Japan should play a leading role in the Trans-Pacific trade talks and toward the goal of striking a deal by the end of the year, Prime Minister Shinzo Abe said Friday.
“Joining the Trans-Pacific Partnership negotiations is a far-sighted policy. Japan should play a leading role toward a yearend deal,” Abe told Cabinet members involved in the matter, a day after returning from a trip to Southeast Asia to attend TPP summit talks and other meetings.
In a statement released Tuesday after the TPP summit in Bali, Indonesia, leaders of the 12 member countries hailed the “significant progress” seen in recent months but noted that negotiators “should now proceed to resolve all outstanding issues.”

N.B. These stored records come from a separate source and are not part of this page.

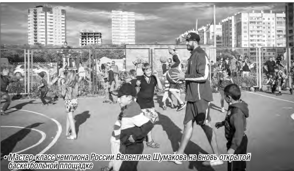
• Мастер-класс чемпиона России Валентина Шумакова на вновь открытой баскетбольной площадке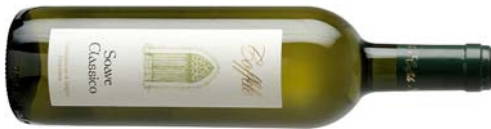
Soave DOC Classico 2011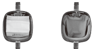
紙パック装着時 布バッグ装着時 (RD-ECOⅡRはオプション)

毎回取り替える衛生的な紙パックと何度でも繰り返し使えて経済的な布バッグをお選びいただけます。

With the focus shifting to sensitive tariff-cutting negotiations, the ruling Liberal Democratic Party has said it plans to examine five trade areas in particular, such as rice and wheat, to consider the possibility of abolishing tariffs on some specific items in those areas.

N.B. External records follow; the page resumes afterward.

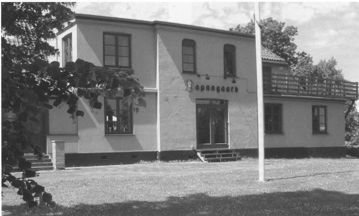
Den stadig eksisterende hovedbygning idag.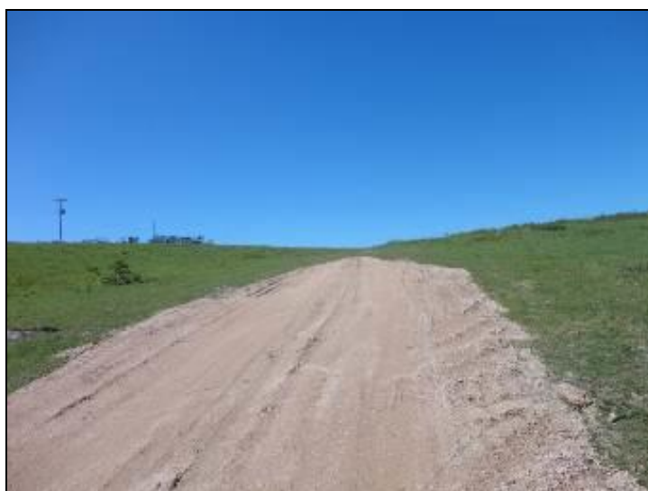
Figura 5 – Acesso a Captação

8) Existe proteção contra enchentes e entrada de pessoas estranhas e animais (Resolução AGESAN N°11 - Art. 10º)? Sim (x) Não (x) Pendência ( ):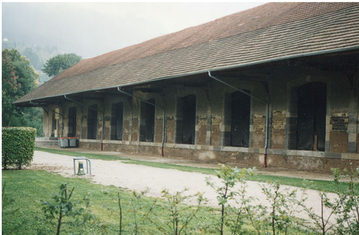
Entrepôt, s.d. [vers 1990].

39, Salins-les-Bains, 1-3 rue du Docteur Éric Hurter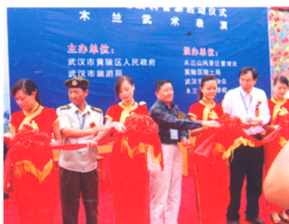
木兰武术表演开幕式

But deciding to open up the market would be challenging in a country known for its heavily protected agricultural sector.
Akira Amari, minister in charge of TPP issues, told a news conference Friday that the government will “await the outcome” of the discussions taking place within the LDP, while vowing to work toward protecting Japan’s national interests as much as possible in the multilateral negotiations.